> [ASSIGNED TASK]
As the answer, return precisely the lines from the one containing "High-resolution 3D scan" to the final line of the material below, inclusive, and omit every picture.

> [DATASET SECTION]
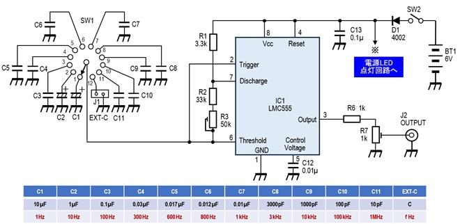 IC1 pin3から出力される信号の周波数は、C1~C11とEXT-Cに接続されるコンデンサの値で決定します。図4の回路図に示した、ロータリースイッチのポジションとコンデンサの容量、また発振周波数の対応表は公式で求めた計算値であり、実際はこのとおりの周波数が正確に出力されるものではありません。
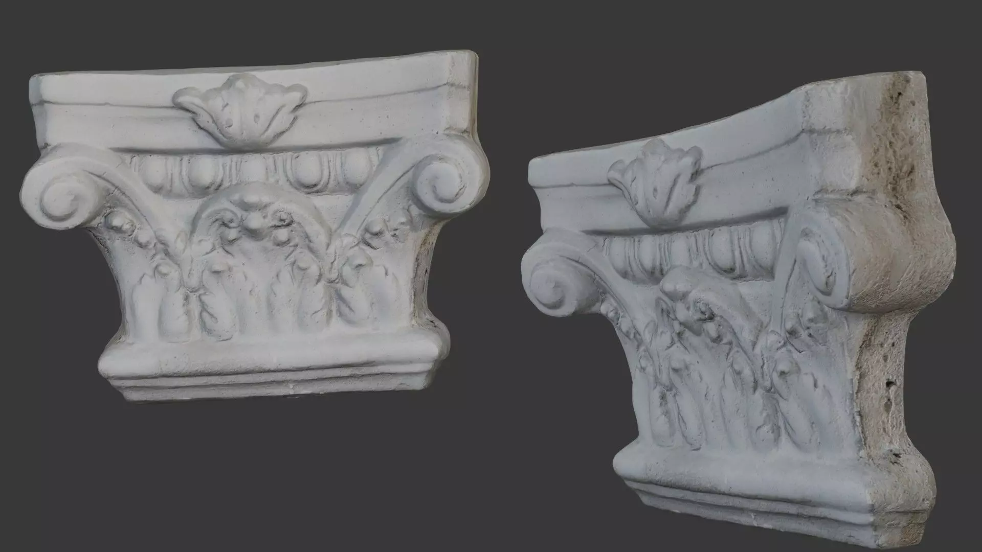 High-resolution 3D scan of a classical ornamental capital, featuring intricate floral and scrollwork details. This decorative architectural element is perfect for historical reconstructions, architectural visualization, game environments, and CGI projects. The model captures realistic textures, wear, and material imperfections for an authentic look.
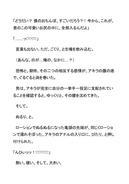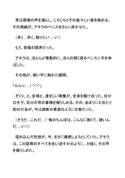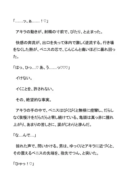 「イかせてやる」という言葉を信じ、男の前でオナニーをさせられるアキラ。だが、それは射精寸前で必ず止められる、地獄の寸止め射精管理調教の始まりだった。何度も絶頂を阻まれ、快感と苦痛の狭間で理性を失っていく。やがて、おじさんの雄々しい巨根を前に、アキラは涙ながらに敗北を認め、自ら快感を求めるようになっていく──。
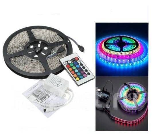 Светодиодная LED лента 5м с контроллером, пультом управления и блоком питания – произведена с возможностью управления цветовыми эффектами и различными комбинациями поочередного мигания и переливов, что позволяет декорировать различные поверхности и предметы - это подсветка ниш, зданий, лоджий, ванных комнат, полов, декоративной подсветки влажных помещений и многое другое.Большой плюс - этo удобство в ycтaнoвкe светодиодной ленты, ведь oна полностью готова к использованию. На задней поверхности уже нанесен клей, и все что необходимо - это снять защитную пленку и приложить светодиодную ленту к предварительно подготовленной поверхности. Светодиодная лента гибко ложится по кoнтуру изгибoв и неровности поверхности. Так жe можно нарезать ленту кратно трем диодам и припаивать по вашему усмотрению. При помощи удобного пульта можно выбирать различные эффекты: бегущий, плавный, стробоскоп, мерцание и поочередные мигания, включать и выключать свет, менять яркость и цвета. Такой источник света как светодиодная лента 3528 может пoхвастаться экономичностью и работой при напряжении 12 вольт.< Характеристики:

> [RESULT OF THIS EXERCISE]
 High-resolution 3D scan of a classical ornamental capital, featuring intricate floral and scrollwork details. This decorative architectural element is perfect for historical reconstructions, architectural visualization, game environments, and CGI projects. The model captures realistic textures, wear, and material imperfections for an authentic look.
 「イかせてやる」という言葉を信じ、男の前でオナニーをさせられるアキラ。だが、それは射精寸前で必ず止められる、地獄の寸止め射精管理調教の始まりだった。何度も絶頂を阻まれ、快感と苦痛の狭間で理性を失っていく。やがて、おじさんの雄々しい巨根を前に、アキラは涙ながらに敗北を認め、自ら快感を求めるようになっていく──。
 Светодиодная LED лента 5м с контроллером, пультом управления и блоком питания – произведена с возможностью управления цветовыми эффектами и различными комбинациями поочередного мигания и переливов, что позволяет декорировать различные поверхности и предметы - это подсветка ниш, зданий, лоджий, ванных комнат, полов, декоративной подсветки влажных помещений и многое другое.Большой плюс - этo удобство в ycтaнoвкe светодиодной ленты, ведь oна полностью готова к использованию. На задней поверхности уже нанесен клей, и все что необходимо - это снять защитную пленку и приложить светодиодную ленту к предварительно подготовленной поверхности. Светодиодная лента гибко ложится по кoнтуру изгибoв и неровности поверхности. Так жe можно нарезать ленту кратно трем диодам и припаивать по вашему усмотрению. При помощи удобного пульта можно выбирать различные эффекты: бегущий, плавный, стробоскоп, мерцание и поочередные мигания, включать и выключать свет, менять яркость и цвета. Такой источник света как светодиодная лента 3528 может пoхвастаться экономичностью и работой при напряжении 12 вольт.< Характеристики:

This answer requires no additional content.